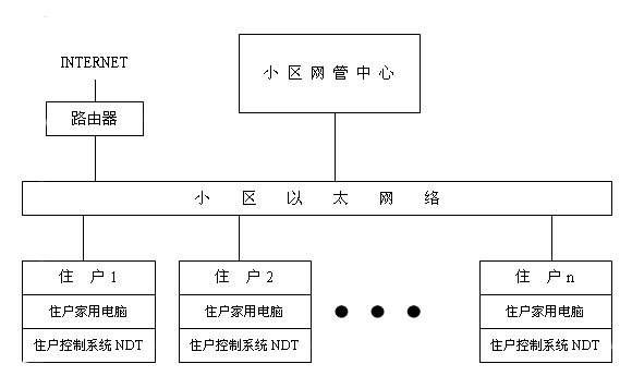 对于小区的安全系统和管理系统,目前可见到的均为实现单独功能的系统,如实现水、电、气三表抄收的系统、报警系统等。本系统采用的是以网络智能控制数据终端(NDT)为中心产品的一套方案,由于该产品集中了防盗、防灾、求助、三表抄收、信息发布和家电控制等功能,因此系统集成度高,设计简化,成本大为降低。
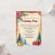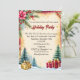 Árboles verdes y regalos envueltos en papel rojo y oro, con brotes de flores y siempre verdes en la parte superior, hacen que esta invitación a la fiesta de los Navidades sea colorida y festiva.
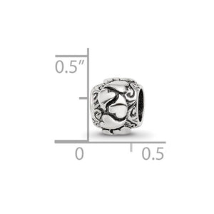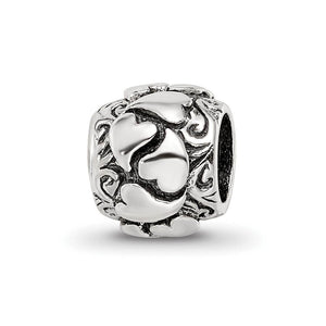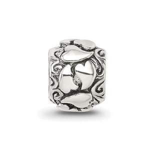 Hearts are perfect for any occasion and ideal for designing a romantic or loving theme. Created from sterling silver with a popular, dual finish, this barrel charm measures approximately 7 x 8.5mm with a 4mm core. All of our charms are interchangeable as well as compatible with Reflections and other popular 3mm width bead style bracelets and necklaces.

## What you should do
What is needed here is an exact repetition of the listing above, pictures excluded.

## Worked solution
 对于小区的安全系统和管理系统,目前可见到的均为实现单独功能的系统,如实现水、电、气三表抄收的系统、报警系统等。本系统采用的是以网络智能控制数据终端(NDT)为中心产品的一套方案,由于该产品集中了防盗、防灾、求助、三表抄收、信息发布和家电控制等功能,因此系统集成度高,设计简化,成本大为降低。
 Árboles verdes y regalos envueltos en papel rojo y oro, con brotes de flores y siempre verdes en la parte superior, hacen que esta invitación a la fiesta de los Navidades sea colorida y festiva.
 Hearts are perfect for any occasion and ideal for designing a romantic or loving theme. Created from sterling silver with a popular, dual finish, this barrel charm measures approximately 7 x 8.5mm with a 4mm core. All of our charms are interchangeable as well as compatible with Reflections and other popular 3mm width bead style bracelets and necklaces.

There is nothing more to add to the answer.